Importing document metadata, files, and extracted text

You can use a document-level load file to import document metadata, native files, and extracted text. For large data sets, consider breaking the load file into smaller document counts. Use multiple computers and instances to load the individual load files. It may be helpful to break up the types of information into distinct subgroups; such as load metadata, natives, text, and images. Loading data in smaller amounts can assist with quality assurance. We recommend having no more than four concurrent RDC imports running on the same server or in the same workspace.

In addition, you may see warning or errors during an import under the following conditions:

  • Native file with 0 KB - The RDC imports native files with the size of 0 KB. In the RDC, the Warnings tab displays a message indicating that the file is empty and only metadata has been loaded for the record. In the viewer, users see extracted text when it exists for the file. If the file has no extracted text, users see a blank placeholder, and no image or viewer options are available. See Configuring the RDC.
  • Long file path names - If the load file contains a field used to set the folder path on the folders browser, and the field is longer than 255 characters for a document, the RDC displays an error message for that document on the Errors tab. The RDC doesn't import the document into Relativity. The RDC continues to import any other documents in the load file with fields shorter than 255 characters.

This page contains the following information:

Importing RDC Permissions

The following permissions are required to use the importing feature in Relativity Desktop Client:

Object Security Tab Visibility Admin Operations
  • Document: View, Add, Edit

  • Documents

  • Allow Import

Note: You must also be part of a group that has access to the parent folder of the workspace or you will receive an error when selecting that workspace in the RDC.

Importing documents

To import through the RDC, you must be part of a group that has the Allow Import admin operation enabled in workspace permissions.

Use the following steps to import documents:

  1. Open the RDC and select a workspace.
  2. On the Tools menu, point to Import and then click Document Load File. (In the RDC browser, you can right-click on a specific folder, point to Import and click Load File.) The Load File tab in the Import Document Load File window appears.

    Document Load File menu option in RDC

  3. (Optional) To use settings in from an existing import file, use these steps:
    1. On the Import Document Load File dialog, click the File menu, and select Load Import Settings.
    2. Browse for your load field map file (.kwe) in the Open Saved Field Map dialog, and then click Open.
    3. Click OK on the kCura.EDDS.WinForm dialog. Click Open on Choose Load File dialog. Settings from the file are used to populate fields in the Load File and Field Map tabs. (You can also modify any settings on these tabs as necessary.)
    4. Continue with step 7.
  4. Click to browse for a document load file on the Load File tab. Set the other options as necessary.

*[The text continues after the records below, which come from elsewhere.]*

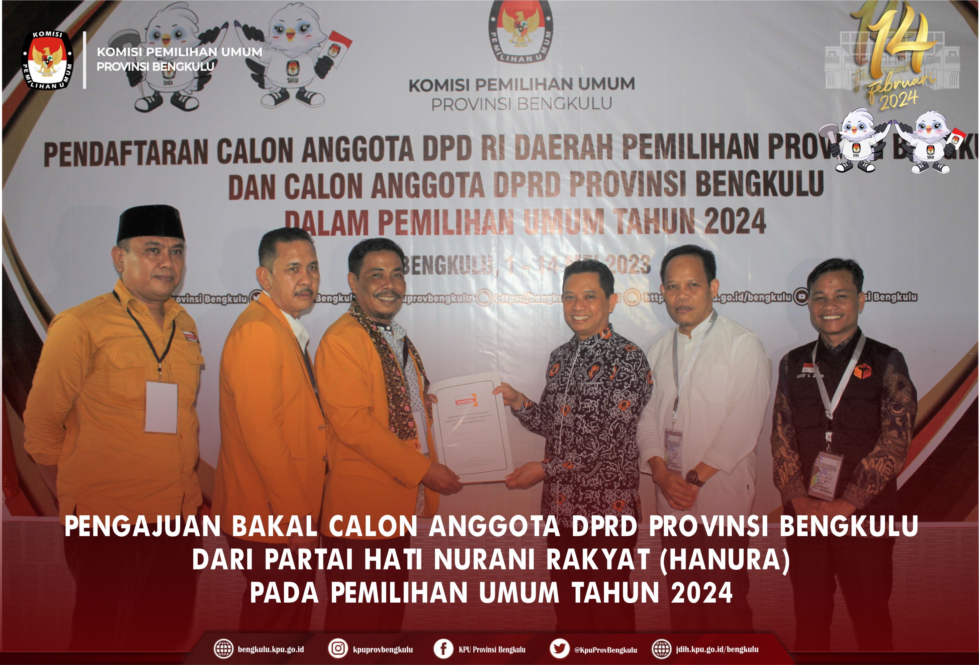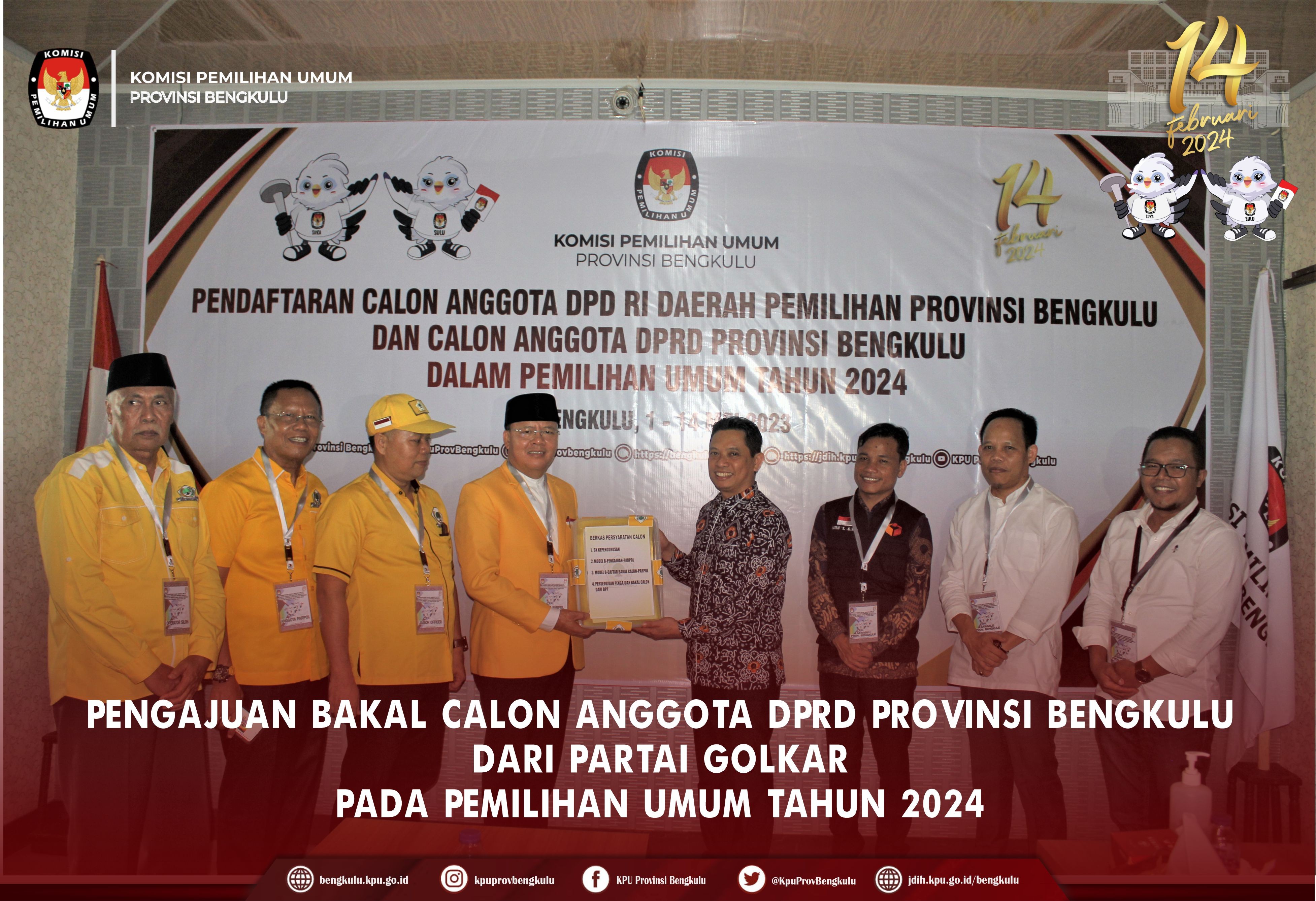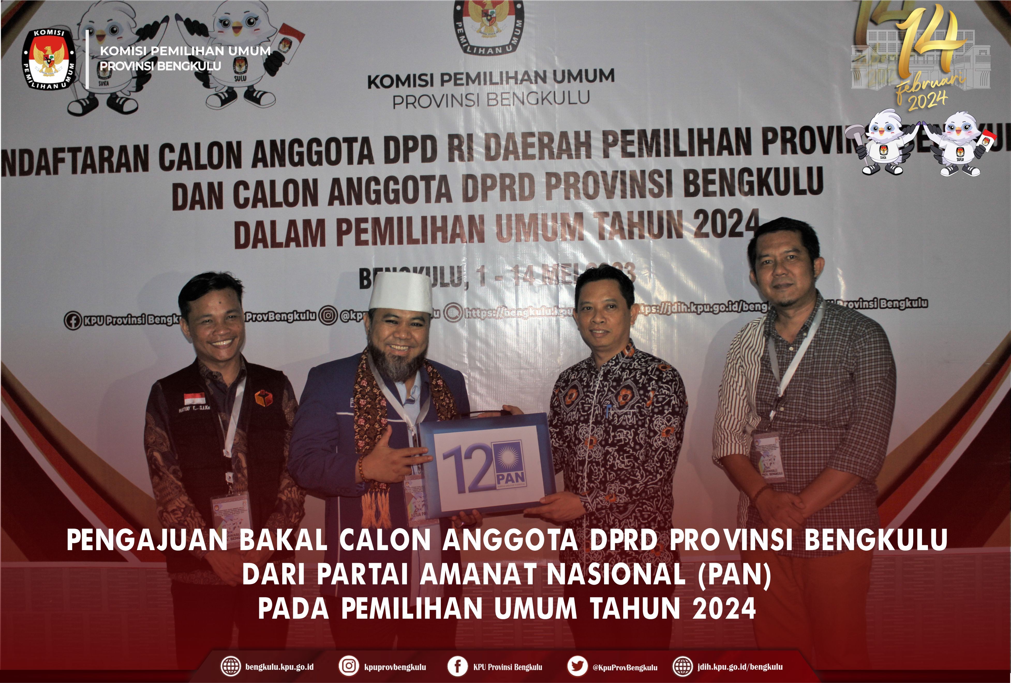 Bengkulu-bengkulu.kpu.go.id, Ketua KPU Provinsi Bengkulu Irwan Saputra bersama Anggota Darlinsyah, Emex Verzoni dan Irna Riza Yuliastuty serta Sekretaris Kemas Mohammad Ajir menerima Pengajuan Bakal Calon Anggota Dewan Perwakilan Rakyat Daerah Pemilihan Provinsi Bengkulu dari Partai Persatuan Pembangunan (PPP) pada Pemilihan Umum Serentak 2024, Sabtu (13/5/2023) di Kantor KPU Provinsi Bengkulu. Rangkaian acara berjalan khidmat dan lancar, dalam pelaksanaanya diisi dengan penyampaian maksud dan tujuan dari Partai Persatuan Pembangunan (PPP), penyerahan dokumen syarat Pengajuan Bakal Calon, sambutan dari Ketua KPU Provinsi Bengkulu Irwan Saputra, foto bersama, pemeriksaan dokumen syarat calon dan konferensi pers. Hadir dalam Pengajuan Bakal Calon Anggota Dewan Perwakilan Rakyat Daerah adalah Pengurus DPW Partai Partai Persatuan Pembangunan (PPP), Ketua Bawaslu Provinsi Bengkulu Halid Saifullah dan Anggota Dodi Herwansyah serta Natijo Elem. Pelaksanaan Pengajuan disiarkan live streaming melalui youtube KPU Provinsi Bengkulu.
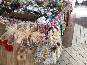 Wer Papeete besucht macht immer einen Spaziergang in der  städtischen Markthalle mit seinen farbenprächtigen Verkaufsständen, an denen die berühmten Blumengirlanden neben Obst, Fleisch und Kunsthandwerk verkauft werden.
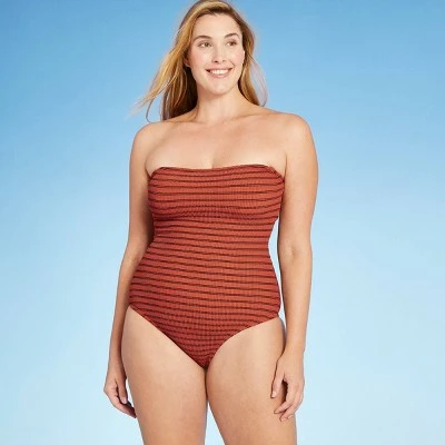 Bring chic retro vibes to your beach looks with the fun texture and simple style of this Textured Pucker Medium-Coverage One-Piece Swimsuit from Kona Sol™. Featuring an understated copper color fabric with thin contrasting stripes and a unique puckered texture, this one-piece swimsuit offers a medium coverage fit with a removable halter strap to customize your look. Molded cups provide comfortable coverage and shaping, while the halter neckline gives you an endlessly adjustable fit so you can find the right look for you.

    On the Load File tab, set the following options to indicate how your load file is configured:

    • First line contains column names select this option if your load file has a header.

      First line contains column names selected

    • Start Line - select the line number in the load file where you want the import process to begin. The default value is 0, which results in loading the entire file.
    • File Encoding - select an encoding for the document load file. (Consult your processing vendor or department to determine the correct encoding option, if necessary.) If your file contains a language other than English, choose a Unicode option. Click for additional options or click for additional information about encoding.

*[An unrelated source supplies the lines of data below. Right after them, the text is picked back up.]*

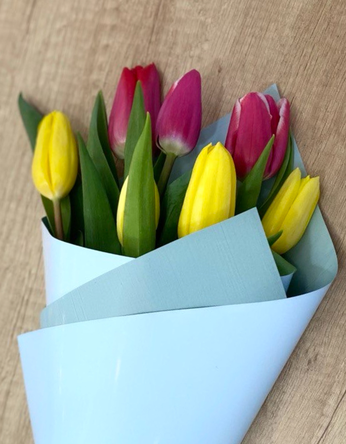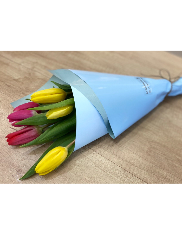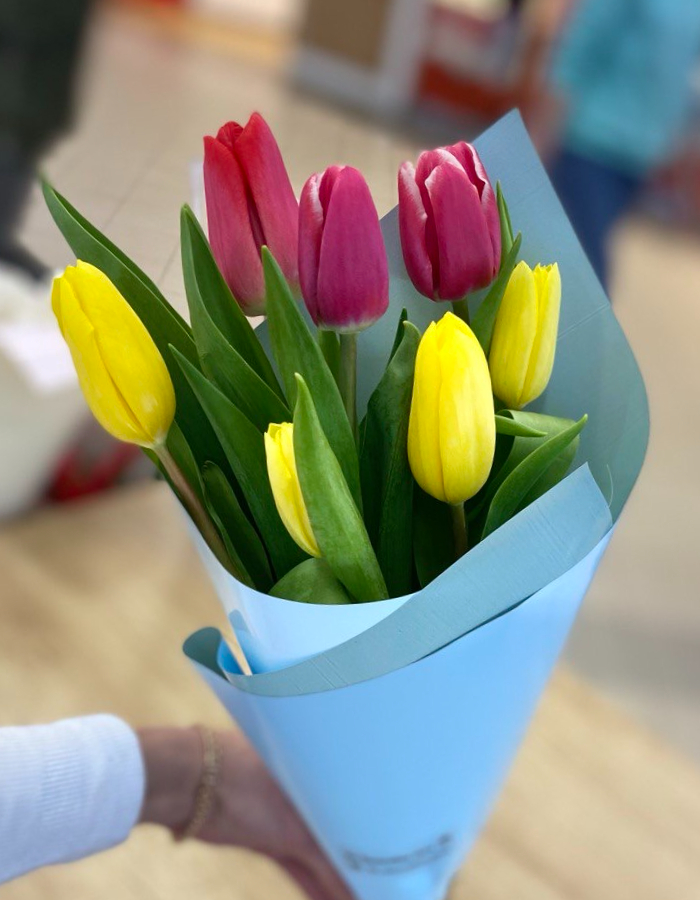 7 свежих тюльпанов в ярком праздничном сочетании: солнечные жёлтые и насыщенные красные бутоны собираются в небольшой, но выразительный букет. Контраст цветов делает композицию живой и энергичной — идеально для тёплого поздравления.
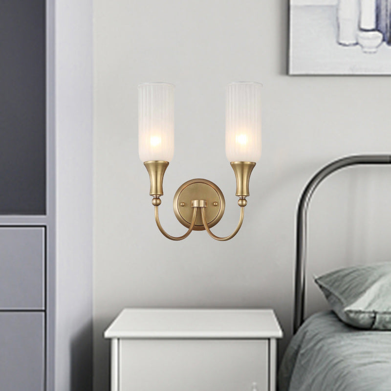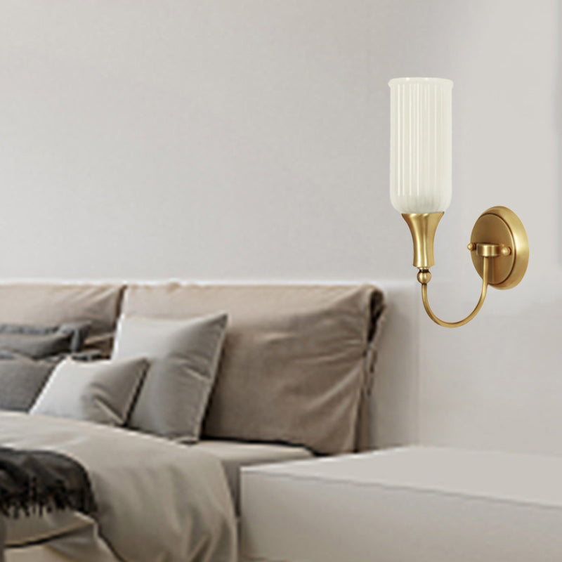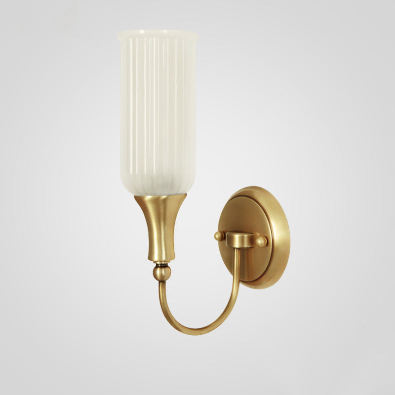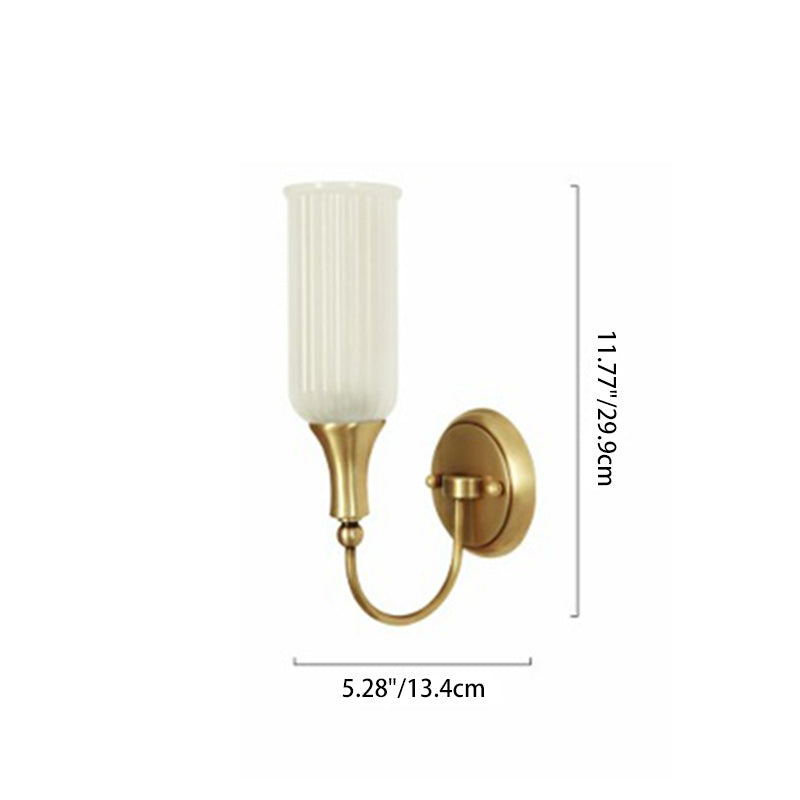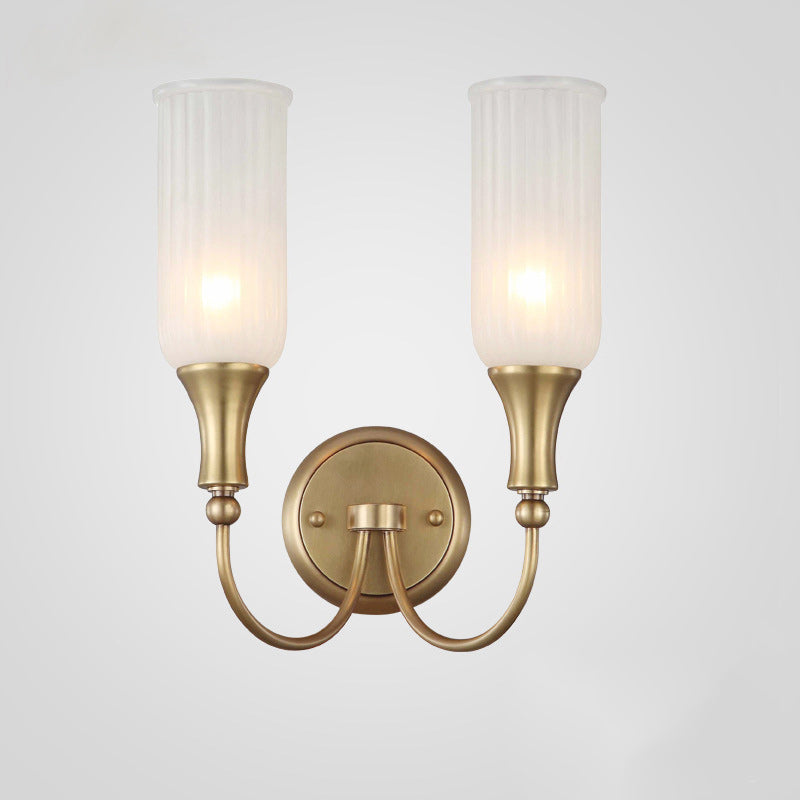 مصباح حائطي تقليدي ريفي عمودي مصنوع من النحاس والزجاج بنصف ضوء لغرفة المعيشة
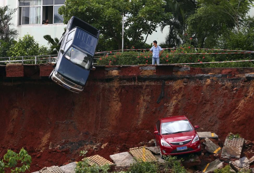 Người đàn ông nhìn chiếc xe bị "hố tử thần" nuốt chửng hôm 16/9. Trận mưa lớn kéo dài gây sụt lún trong một bãi đậu xe ở tỉnh Hải Nam, Trung Quốc. |
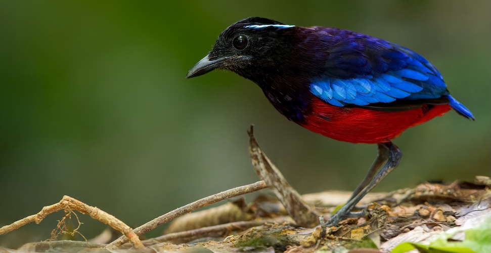 Species AccountDazzling pitta of Borneo's lowland dipterocarp forests. Midnight blue above and blinding scarlet below, with a dark head, bright blue wing coverts. -

      File Encoding window

      Review the following information about how the encoding of load files is handled:

      • Relativity uses auto-detection to determine the encoding of your text files. If it finds a different file type in your text files, it changes to the appropriate method.
      • Relativity immediately applies any changes that you make to the encoding of a load file, and displays these changes in the column header preview.
      • Relativity provides you with the ability to audit the encoding of a load file.
      • Relativity includes the functionality for previewing the import file as well as the encoding of the extracted text files.
    • File Column Headers - Relativity automatically updates this section of the Load File tab when you select the file encoding. This section may display the following message before you select an encoding for the load file.

      File Column Headers message

      After you select the encoding, this section displays the fields in the load file. The column headers in the file display as vertical list. The fields display in alphanumeric order. The numeric value in parentheses indicates the position of the field within the file. For example, the control number is the first column in this illustration, while the Application Name is second.

      File Column Headers section

      Since the load file is parsed based on the delimiter set, you may need to check delimiters used in the load file if the column headers are not lined up correctly. Determine the delimiters used in the file, and then select them in the Character section of this tab.

    • Characters - select the delimiters used by your load file:
      • Column delimiter - select the character used to separate columns.
      • Quote - select the character used as the text qualifier.
      • Newline - select the character used to indicate the end of a line in any extracted text or long text field.
      • Multi-value delimiter - select the character used to separate choices within a field.
      • Nested value - select the character used to separate the different levels of a multi-choice hierarchy.

        For example, you might import a field with following values: “Hot\Really Hot\Super Hot; Look at Later”. Using a semi-colon (;) as a multi-value delimiter, and a backslash (\) as a nested value delimiter, Relativity displays the choices as illustrated below:

        Nested values in Relativity

  5. Click the Field Map tab. To automatically map fields, click Auto Map Fields below the lists of fields. The fields from the load file are mapped to any existing fields of the same name in the workspace.

    Only fields matched in the center columns are loaded into the workspace. Other fields in the Workspace Fields and Load File Fields lists are ignored. You must always match the identifier field for the load file.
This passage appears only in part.